Task objective: Nothing but the pictures should be dropped when the records are transcribed word for word.

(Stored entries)
------------
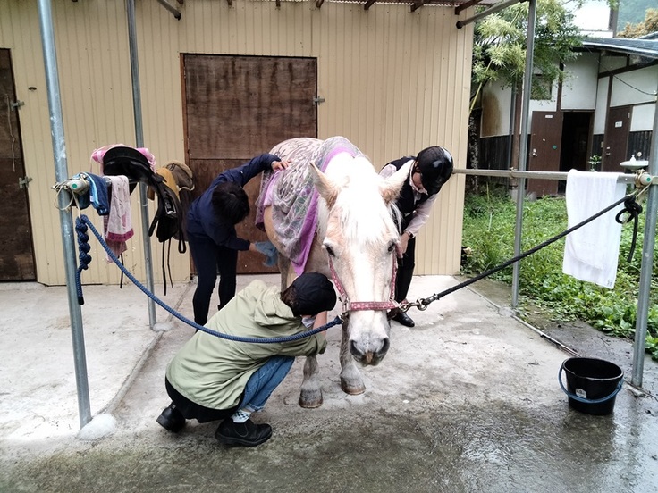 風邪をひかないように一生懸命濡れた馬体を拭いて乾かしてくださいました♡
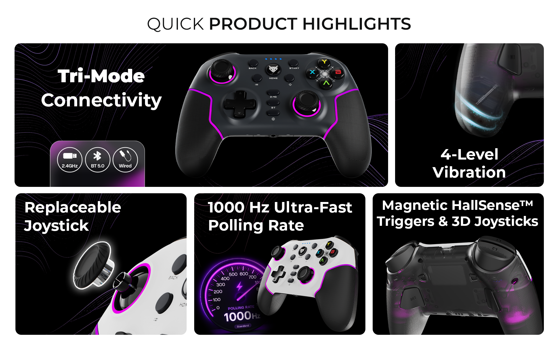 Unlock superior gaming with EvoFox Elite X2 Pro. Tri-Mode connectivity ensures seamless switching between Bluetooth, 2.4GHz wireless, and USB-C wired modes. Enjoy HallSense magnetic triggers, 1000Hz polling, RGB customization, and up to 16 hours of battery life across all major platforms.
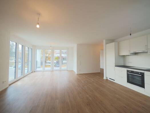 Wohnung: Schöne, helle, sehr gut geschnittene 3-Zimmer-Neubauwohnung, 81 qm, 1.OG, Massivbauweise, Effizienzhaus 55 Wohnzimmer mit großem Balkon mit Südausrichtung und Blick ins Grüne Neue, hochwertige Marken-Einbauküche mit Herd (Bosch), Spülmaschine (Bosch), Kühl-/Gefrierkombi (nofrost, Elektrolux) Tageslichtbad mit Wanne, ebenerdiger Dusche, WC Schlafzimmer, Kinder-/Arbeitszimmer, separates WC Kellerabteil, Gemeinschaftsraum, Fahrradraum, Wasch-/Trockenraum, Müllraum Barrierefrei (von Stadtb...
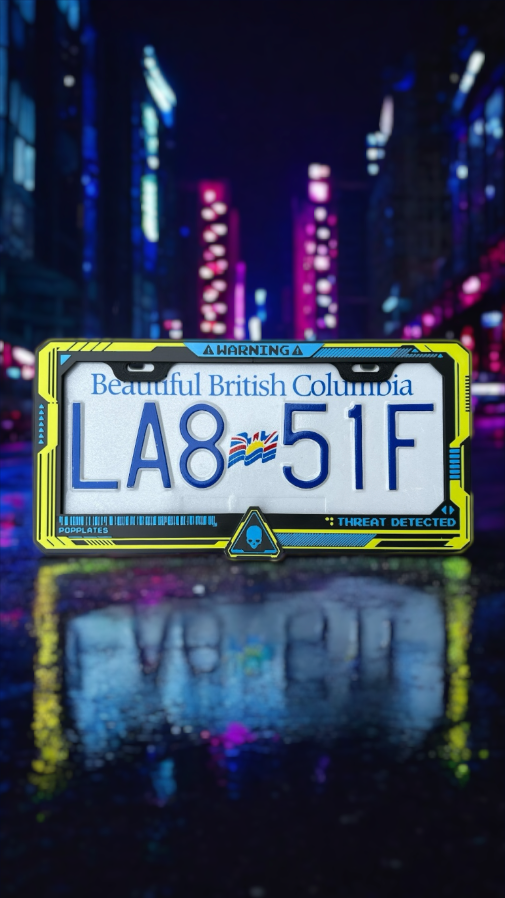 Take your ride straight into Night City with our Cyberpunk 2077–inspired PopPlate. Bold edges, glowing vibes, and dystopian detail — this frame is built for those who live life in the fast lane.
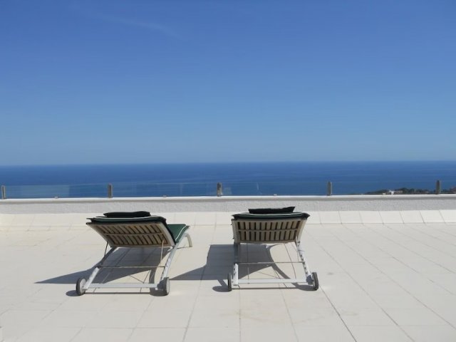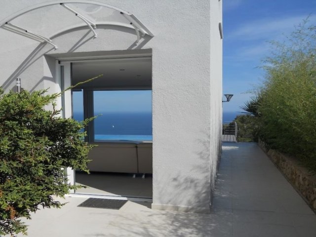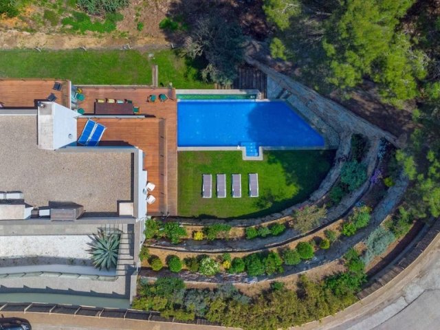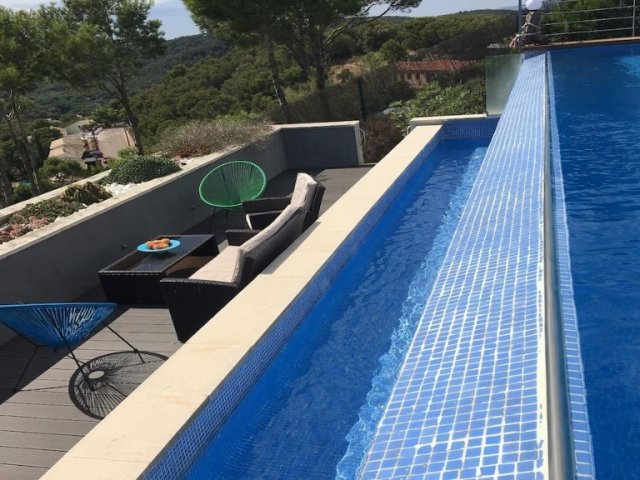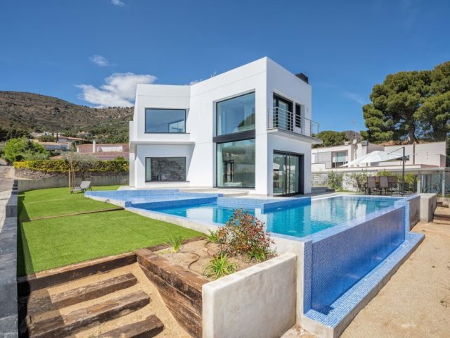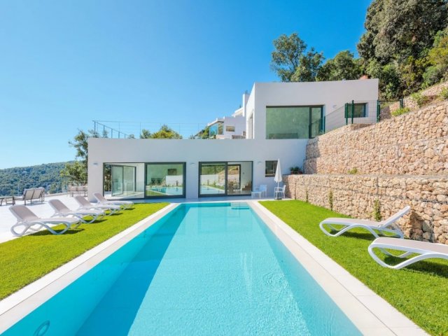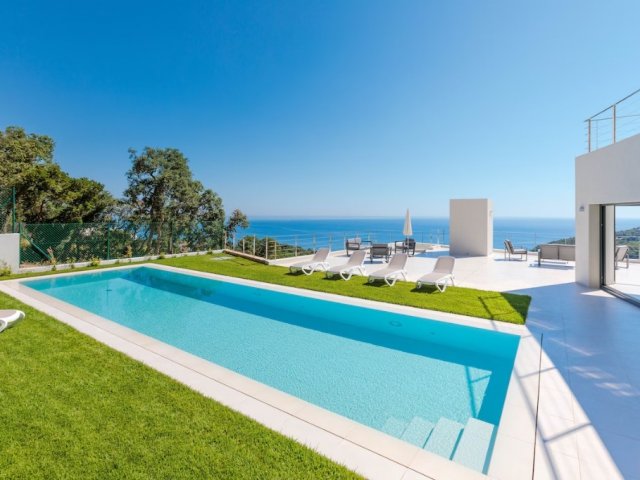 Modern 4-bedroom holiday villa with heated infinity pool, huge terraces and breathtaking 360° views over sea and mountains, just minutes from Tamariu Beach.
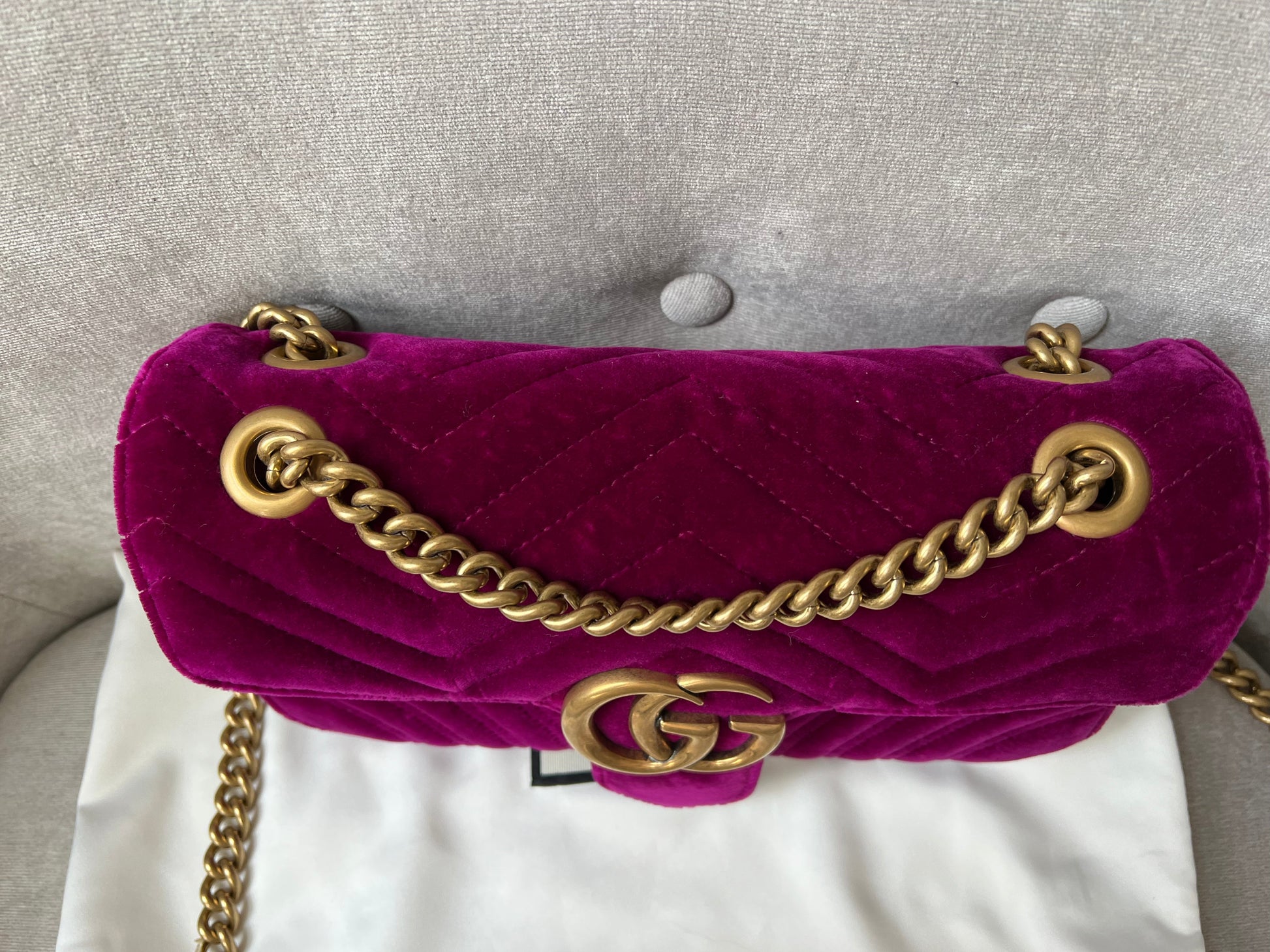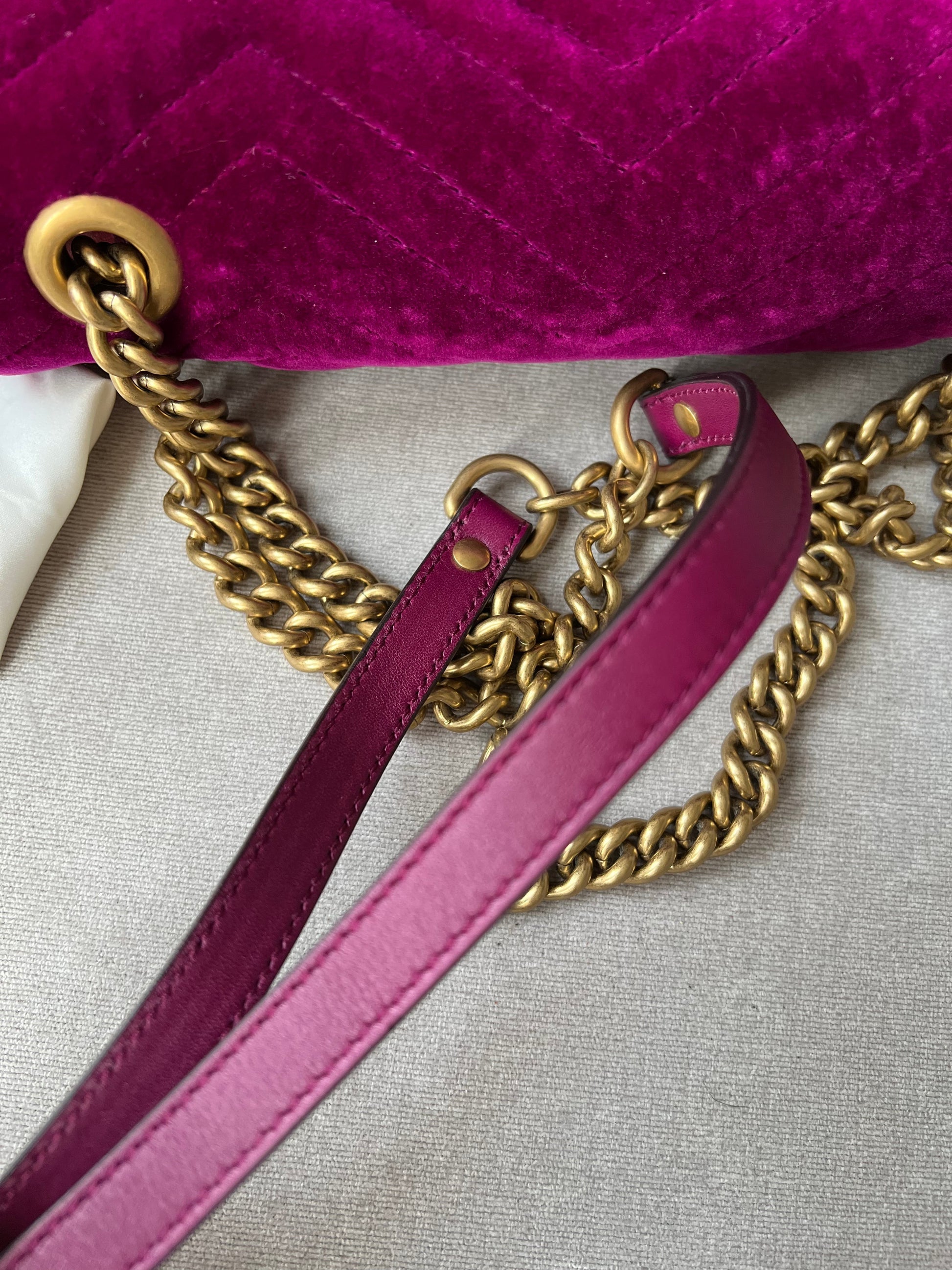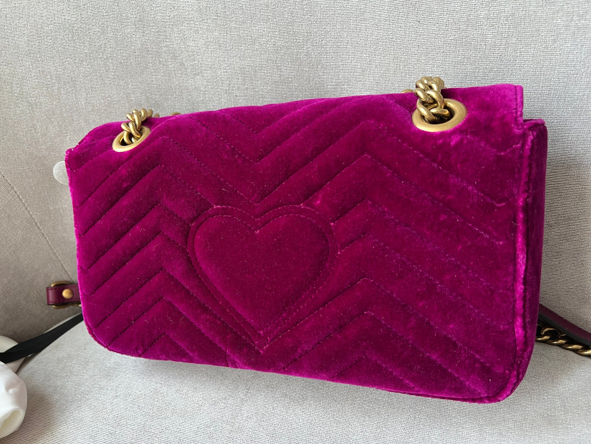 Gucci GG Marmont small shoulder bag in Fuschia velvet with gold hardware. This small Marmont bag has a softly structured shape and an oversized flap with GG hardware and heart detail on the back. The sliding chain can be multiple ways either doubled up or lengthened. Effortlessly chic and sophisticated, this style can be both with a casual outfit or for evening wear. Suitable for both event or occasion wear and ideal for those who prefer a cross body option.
------------
Response:
 風邪をひかないように一生懸命濡れた馬体を拭いて乾かしてくださいました♡
 Unlock superior gaming with EvoFox Elite X2 Pro. Tri-Mode connectivity ensures seamless switching between Bluetooth, 2.4GHz wireless, and USB-C wired modes. Enjoy HallSense magnetic triggers, 1000Hz polling, RGB customization, and up to 16 hours of battery life across all major platforms.
 Wohnung: Schöne, helle, sehr gut geschnittene 3-Zimmer-Neubauwohnung, 81 qm, 1.OG, Massivbauweise, Effizienzhaus 55 Wohnzimmer mit großem Balkon mit Südausrichtung und Blick ins Grüne Neue, hochwertige Marken-Einbauküche mit Herd (Bosch), Spülmaschine (Bosch), Kühl-/Gefrierkombi (nofrost, Elektrolux) Tageslichtbad mit Wanne, ebenerdiger Dusche, WC Schlafzimmer, Kinder-/Arbeitszimmer, separates WC Kellerabteil, Gemeinschaftsraum, Fahrradraum, Wasch-/Trockenraum, Müllraum Barrierefrei (von Stadtb...
 Take your ride straight into Night City with our Cyberpunk 2077–inspired PopPlate. Bold edges, glowing vibes, and dystopian detail — this frame is built for those who live life in the fast lane.
 Modern 4-bedroom holiday villa with heated infinity pool, huge terraces and breathtaking 360° views over sea and mountains, just minutes from Tamariu Beach.
 Gucci GG Marmont small shoulder bag in Fuschia velvet with gold hardware. This small Marmont bag has a softly structured shape and an oversized flap with GG hardware and heart detail on the back. The sliding chain can be multiple ways either doubled up or lengthened. Effortlessly chic and sophisticated, this style can be both with a casual outfit or for evening wear. Suitable for both event or occasion wear and ideal for those who prefer a cross body option.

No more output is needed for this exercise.